__The problem__: Return the lines of the listing below exactly as they appear, beginning at the one with "- At the end" and stopping after the one with "活动伊始,主持人向参赛选手介"; do not include pictures.

__Provided entries__:
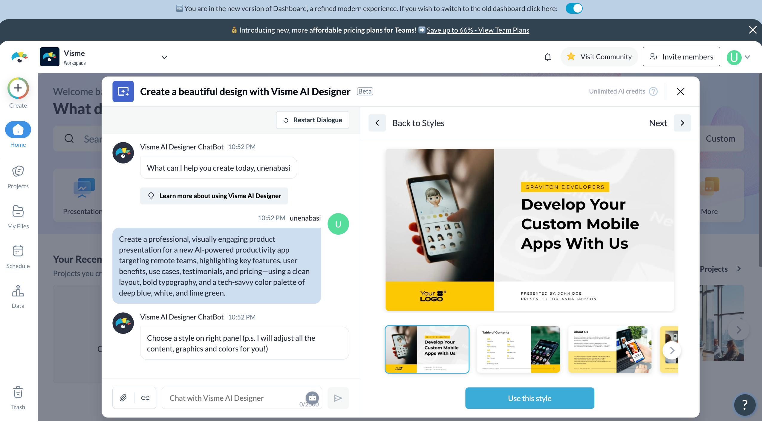 Visme also comes with a mobile app to help you create stunning designs on the go. Download it now for iOS or Android.
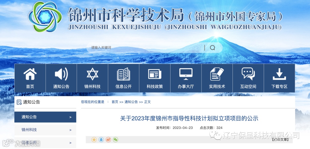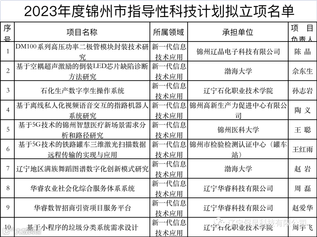 辽宁保呈科技有限公司本期保呈-快讯内容:关于《关于2023年度锦州市指导性科技计划拟立项项目的公示》-内容分享
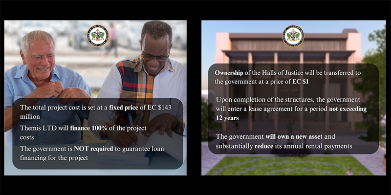 - At the end of the lease period, ownership of the Halls of Justice will be transferred to the Government of Saint Lucia at a price of EC $1.
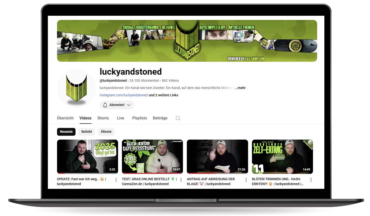 Το Lucky & Stoned είναι ο τÎλειος συνδυασμÏς ψυχαγωγίας, γνÏσης και χιοÏμορ σχετικά με την κάνναβη. Το κανάλι καλÏπτει τα πάντα, απÏ ποικιλίες και καλλιÎργεια μÎχρι θÎματα lifestyle. Χαλαρά vibes και πολÏτιμες πληροφορίες για Ïλους Ïσους είναι παθιασμÎνοι με το πράσινο φυτÏ. Επιστροφή στη λίστα εδÏ: Οι καλÏτεροι Weed YouTubers στη Γερμανία.
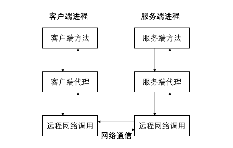 客户端代理:将接口封装成代理对象,并序列化请求参数、反序列化响应结果,使用远程传输协议调用服务端,(例如:Socket、Netty、RMI、HTTP等)。
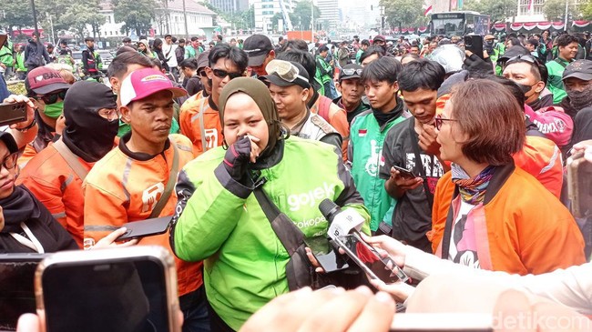 Massa ojek online (ojol) dan kurir se-Jabodetabek di Patung Kuda, Jakarta Pusat, mulai berdatangan untuk melakukan demo. Mereka menuntut tarif yang layak hingga insentif.
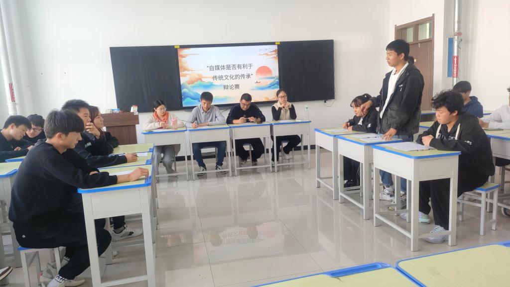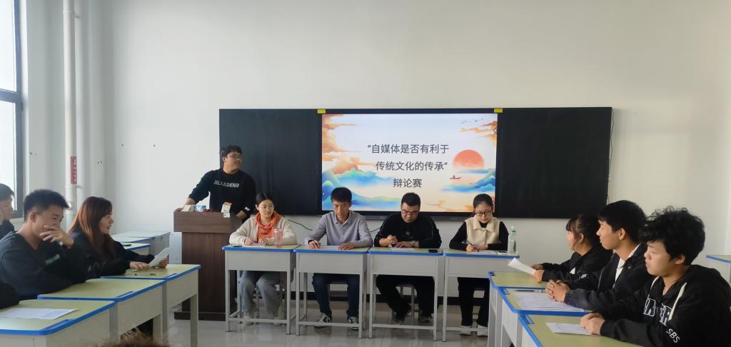 活动伊始,主持人向参赛选手介绍了系部的评委老师、比赛规则和各个环节。紧接着就进入到了如火如荼的辩论比赛当中。参加本次比赛的两支队伍围绕“自媒体是否有利于传统文化的传承”这一辩题展开论辩,为大家献上了一场头脑风暴和思维的饕餮盛宴。在辩论过程中,正反双方各持己见,正方始终坚持自己的观点:“自媒体是有利于传统文化的传承的,自媒体不仅给了大众接触更多传统文化的机会,使传统文化能够得到广泛传播,从而得到更多人的喜爱”;反方则认为:“自媒体向大众展示的传统文化的内容主观性较强,客观性略有不足,并且大众接收到的传统文化内容会受个人偏好影响,流量推送也会影响信息接收,因此我方坚持认为自媒体对于传统文化的传承弊大于利……”学生们通过说理、论证、质询种种方式证明自己的立场,展现出新时代新青年的风采。
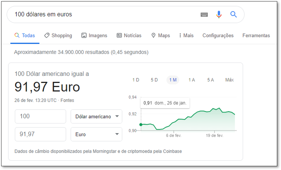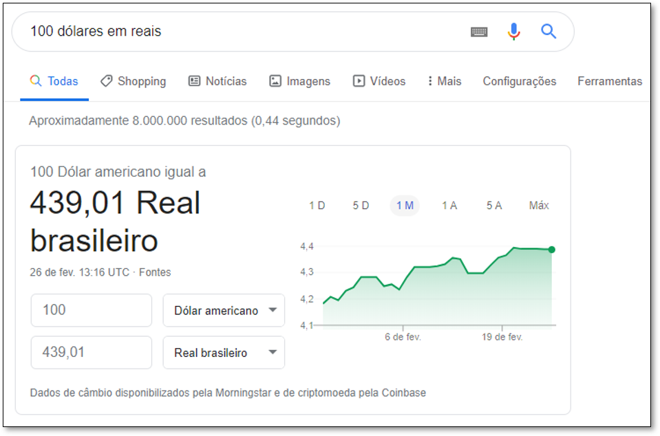 Você também pode usar o Google para consultar informações financeiras úteis, como o câmbio. Quer saber a quantos reais 100 dólares equivalem atualmente? Apenas digite 100 dólares em reais e você vai ter a resposta imediatamente:
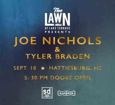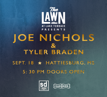 The Lawn at Lake Terrace recently announced that country music mainstay, Joe Nichols, and one of country music’s promising new artists, Tyler Braden will perform at its outdoor venue on Saturday, September 18.
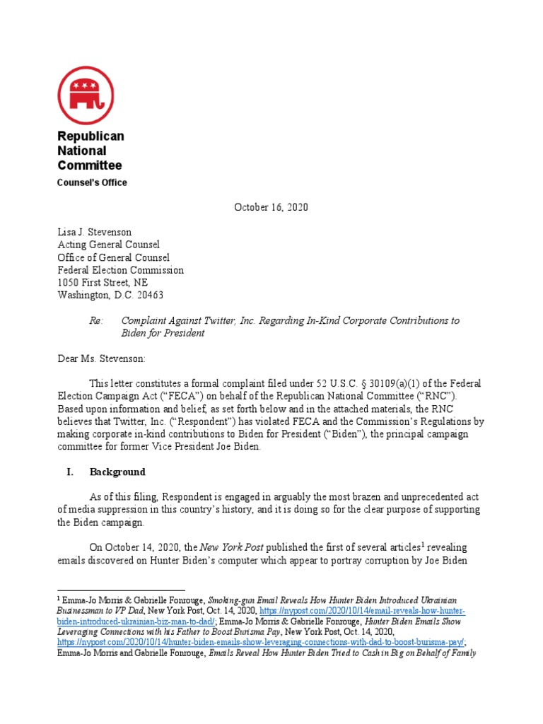 Dear Ms. Stevenson: This letter constitutes a formal complaint filed under 52 U.S.C. § 30109(a)(1) of the Federal Election Campaign Act (“FECA”) on behalf of the Republican National Committee (“RNC”). Based upon information and belief, as set forth below and in the attached materials, the RNC believes that Twitter, Inc. (“Respondent”) has violated FECA and the Commission’s Regulations by making corporate in-kind contributions to Biden for President (“Biden”), the principal campaign committee for former Vice President Joe Biden.

__Response area__:
 - At the end of the lease period, ownership of the Halls of Justice will be transferred to the Government of Saint Lucia at a price of EC $1.
 Το Lucky & Stoned είναι ο τÎλειος συνδυασμÏς ψυχαγωγίας, γνÏσης και χιοÏμορ σχετικά με την κάνναβη. Το κανάλι καλÏπτει τα πάντα, απÏ ποικιλίες και καλλιÎργεια μÎχρι θÎματα lifestyle. Χαλαρά vibes και πολÏτιμες πληροφορίες για Ïλους Ïσους είναι παθιασμÎνοι με το πράσινο φυτÏ. Επιστροφή στη λίστα εδÏ: Οι καλÏτεροι Weed YouTubers στη Γερμανία.
 客户端代理:将接口封装成代理对象,并序列化请求参数、反序列化响应结果,使用远程传输协议调用服务端,(例如:Socket、Netty、RMI、HTTP等)。
 Massa ojek online (ojol) dan kurir se-Jabodetabek di Patung Kuda, Jakarta Pusat, mulai berdatangan untuk melakukan demo. Mereka menuntut tarif yang layak hingga insentif.
 活动伊始,主持人向参赛选手介绍了系部的评委老师、比赛规则和各个环节。紧接着就进入到了如火如荼的辩论比赛当中。参加本次比赛的两支队伍围绕“自媒体是否有利于传统文化的传承”这一辩题展开论辩,为大家献上了一场头脑风暴和思维的饕餮盛宴。在辩论过程中,正反双方各持己见,正方始终坚持自己的观点:“自媒体是有利于传统文化的传承的,自媒体不仅给了大众接触更多传统文化的机会,使传统文化能够得到广泛传播,从而得到更多人的喜爱”;反方则认为:“自媒体向大众展示的传统文化的内容主观性较强,客观性略有不足,并且大众接收到的传统文化内容会受个人偏好影响,流量推送也会影响信息接收,因此我方坚持认为自媒体对于传统文化的传承弊大于利……”学生们通过说理、论证、质询种种方式证明自己的立场,展现出新时代新青年的风采。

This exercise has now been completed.